Both malware and malware use code libraries to interact with the OS kernel. For this, the libraries call the kernel directly. EDRs work by interrupting this normal execution flow. Instead of calling the kernel, the library first calls EDR, which collects information about the application and its behavior. To interrupt this execution flow, EDRs write partial libraries with additional code known as “hooks”.
Nohl and SRLabs researcher Jorge Gimenez tested three widely used EDRs sold by Symantec, SentinelOne and Microsoft, believing the sample fairly represented the offerings on the market as a whole. To the researchers’ surprise, they found that all three were bypassed by using one or both of two simple escape methods.
The techniques target the hooks used by EDRs. The first method bypasses the fork function and makes direct kernel system calls instead. Although successful against all three EDRs tested, this hook bypass has the potential to make some EDRs suspicious, so it’s not foolproof.
Nohl and Gimenez
The second technique, when performed in a dynamic link library file also worked against all three EDRs. This involves using only fragments of hooked functions to avoid triggering hooks. For this, the malware makes indirect system calls. (A third technique involving open functions worked against one EDR, but was too dubious to fool the other two test subjects.)
Nohl and Gimenez
In the lab, the researchers used each bypass technique to insert two commonly used pieces of malware — one called Cobalt Strike and one called Silver — into both the .exe and .dll files. One of the EDRSs — the researchers did not specify which one — failed to detect any of the samples.

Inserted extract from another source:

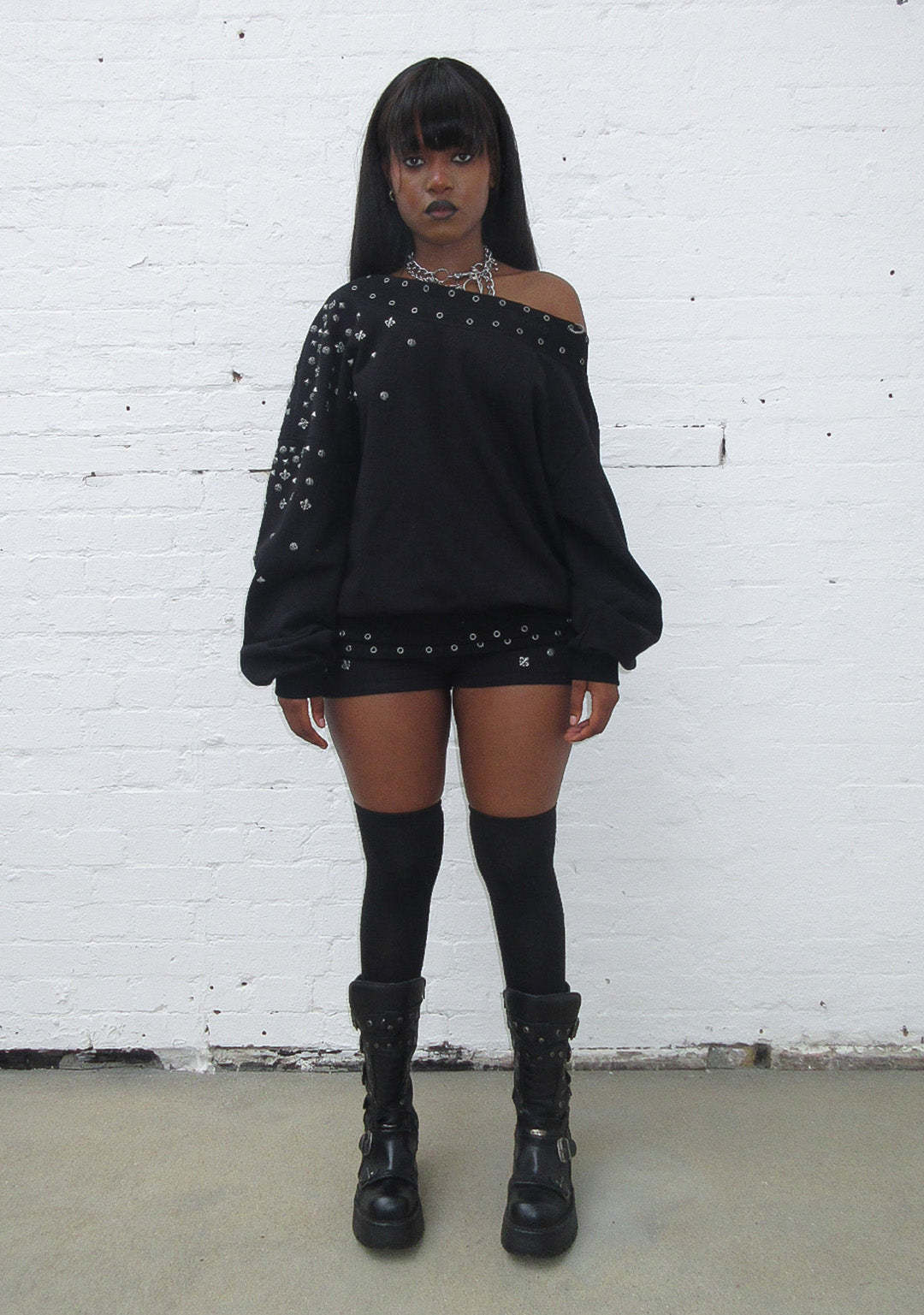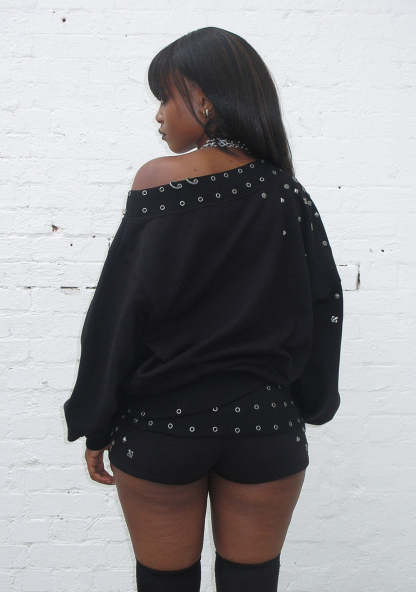 MIDNIGHT STUDDED OFF THE SHOULDER SWEATER BLACK

The other two EDRs failed to detect samples from the .dll file when using either technique. For good measure, the researchers also tested a generic antivirus solution.
Nohl and Gimenez
The researchers estimated the typical lead time required for a malware compromise of a large corporate or organizational network by a team of four experts to be about eight weeks. While evasion of EDR is believed to slow down the process, the discovery that two relatively simple techniques can reliably bypass this protection means that malware developers may not need as much extra work as some think.

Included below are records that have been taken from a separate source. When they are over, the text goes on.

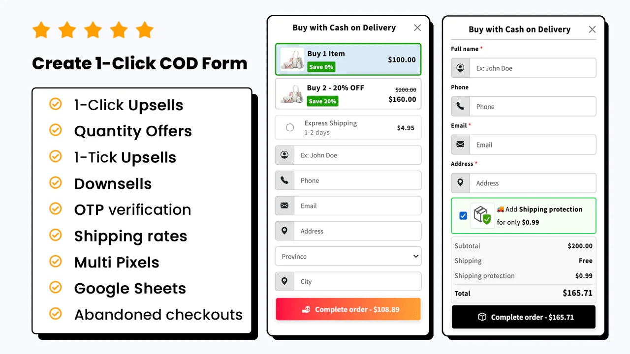 このアプリは、代金引換(COD)フォームをカスタマイズし、アップセル機能まで一気通貫で利用できる 点が魅力です。注文画面をシンプルなフォームに置き換えながら、商品数を増やす数量オファーや追加購入を促すクロスセルなどを配置可能。さらに複数のピクセル管理にも対応しており、FacebookやTikTokなど各広告プラットフォームでのコンバージョン追跡を強化できます。「一度の注文で客単価を最大化したい」 と考えているストアにおすすめです。
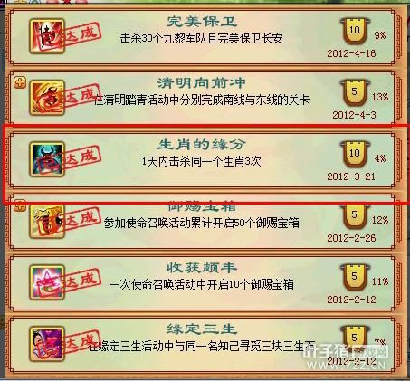 相关资讯: 神武最难完成的成就,你们完成了几个?下面就跟着小编一起来跟你们好好的点评一下,不过这也是我自己心目中最难完成的成就,不喜勿喷哦!下面就开始吧。 Top.10 福星高照: 没错就是祈福成就,看到这里或许有很多玩家就要喷了,不是吧!这样的成就也能够排到第十名?其实我想说,我玩神武也很久了,这个在我心目中真心很难,最起码我玩了3年神武,直到今年的4月12号才拿到这个成就,所有把这个排到第十名的话,感觉还是多少有点靠谱的。或许有些玩家刚开始祈福就拿到这个成就也不一定,但是如果真心第一次就拿到我不禁怀疑你是不是跟XX有一腿。 相关资讯: Top.9 文武双状元: 第九的给到的成就是御前科举,里面的文武状元,其实这个感觉也不是非常难吧!神武里面即使你不是很有钱的人民币玩家,或者土豪玩家,只要你是长时间在线的玩家,肯努力去刷经验、刷等级、刷装备,拿到武状元的称谓还是有可能的哦,至于文状元的话,跟武状元相比可能就相对简单一点吧!所有把文武状元成就排在第9位还是有一定的道理的。 相关资讯: Top.8 够杯具吗?: 又重新重温了这个成就,我真心是欲哭无泪啊,记得当时这个成就也很久了,11年的时候。当时杀幻境到最后了,我还跟自己的队友吹牛B说,等着吧!会给我一个神兽的。话刚说完,没错神兽出来了,当时就傻了,心想队伍里面5个人,我得到神兽的几率才20%。心里面一直在祷告,会不会给我呢?给我摇个100的点数吧!没错可能当时真的是老徐附体了,然后100的点数,当时笑得我啊,一想到神兽马上就到自己手里面来了,当时的心情真心无语用言语来形容了。然后没错得了这个成就,当时是什么情况你们就自己分析吧!队友也摇了个100的点数出来,好吧.... 相关资讯: Top.7 生肖的缘分:
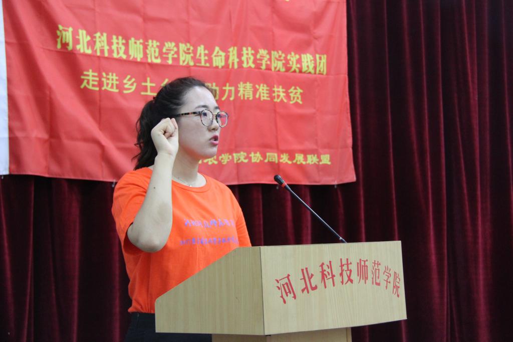 实践团队学生代表在会上发言,表达了做好实践、精准扶贫、服务三农的愿望。
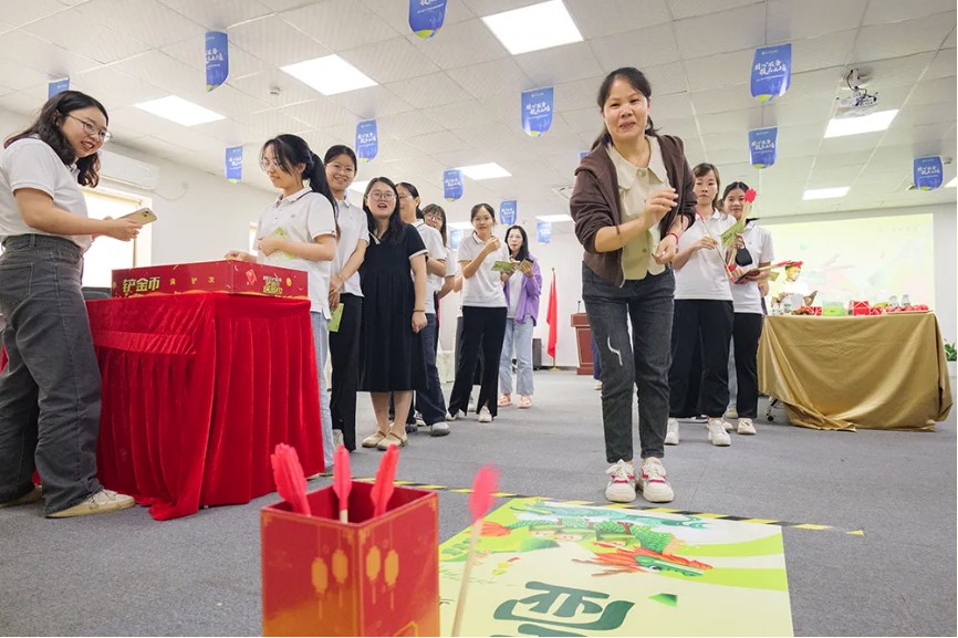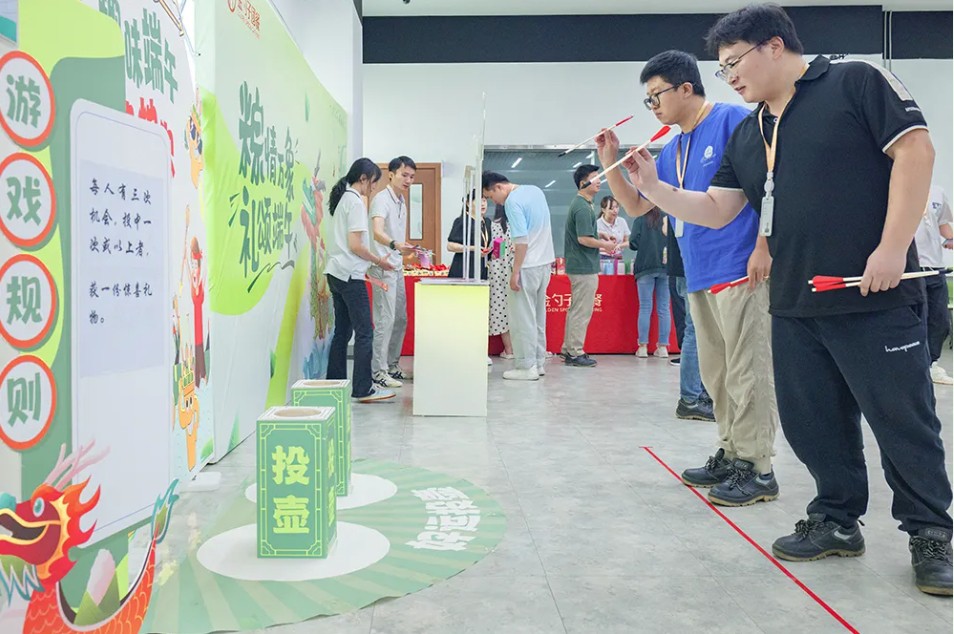 現(xiàn)場活動(dòng)的投壺、有獎(jiǎng)問答游戲不僅是一種知識考驗(yàn),也是一種精神文化,體現(xiàn)了中國古代文化的智慧和韻味。當(dāng)天中午,現(xiàn)場熱鬧不已,職工踴躍參與其中,以傳統(tǒng)文化游戲的方式來放松身心、獲取幸福感。
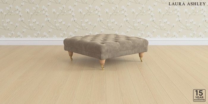 6.12.13 Buy Gloucester Button Back by Laura Ashley Extra Large Footstool Alwyn Velvet Truffle Natural Low Brass Castor - Light Oak from the Laura Ashley online shop Click here to use our website with more accessibility support, for example screen readers
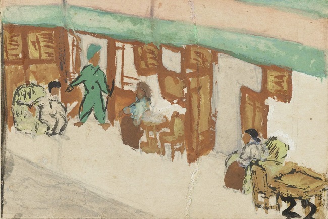 Water colour sketch by Mohammad Toha Adimidjojo, of Dutch soldiers searching Toha's house looking for his brother who has become a guerrilla. The man wearing a blue surjan is Toha’s father (1949) / Collection Rijksmuseum.
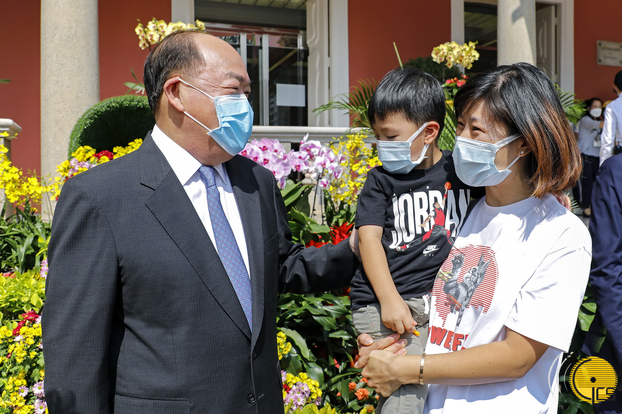 行政长官贺一诚在政府总部礼宾楼与到访的家庭合影留念
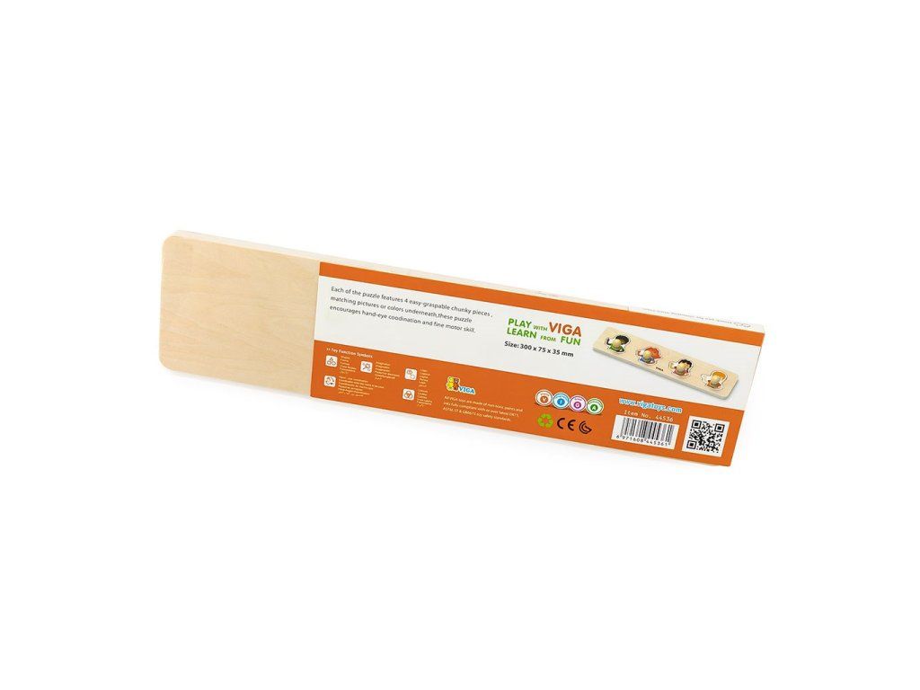 Krásne, farebné detské drevené puzzle s úchytmi Viga. Deťom sa vďaka úchytom puzzle lepšie držia v prstoch a ľahšie sa pridávajú do určených miest. Tiež pomáhajú zlepšiť manuálnu zručnosť i obratnosť a zároveň učia dieťa rozpoznať tvary a farby. Prispievajú k rozvoju motoriky, zlepšuje koordináciu a pozorovacie schopnosti dieťaťa. Balenie obsahuje 4 dieliky. Určené pre deti od 12 mesiacov. Prvý puzzle pre Vaše malé deti, má veľmi výrazné farby, jednoduchý dizajn a veľké dieliky. Našou prioritou je bezpečnosť a kvalita našich výrobkov, a preto farby použité na hračkách nie sú toxické a spĺňajú bezpečnostné štandardy (EN71 a ASTM). Hračka je vhodná aj ako krásny darček pre našich najmenších. Rozmer cca: 32x3x7,5cm.

Nohl wrote: “Overall, EDRs add about 12 percent or a week to the hacking effort when a large corporation is compromised—depending on the typical execution time of a red team exercise.”
Researchers presented their findings at the Hack in the Box security conference in Singapore last week. Nohl said EDR makers should focus on detecting malicious behavior more generally, rather than just triggering the specific behavior of the most popular hacking tools, such as Cobalt Strike. The extreme focus on specific behavior makes EDR evasion “too easy for hackers using more bespoke tools,” Nohl writes.
“In addition to better EDRs on endpoints, we still see potential in dynamic analysis within sandboxes,” he said. “These can run in the cloud or connect to email gateways or web proxies and filter malware before it reaches the endpoint.”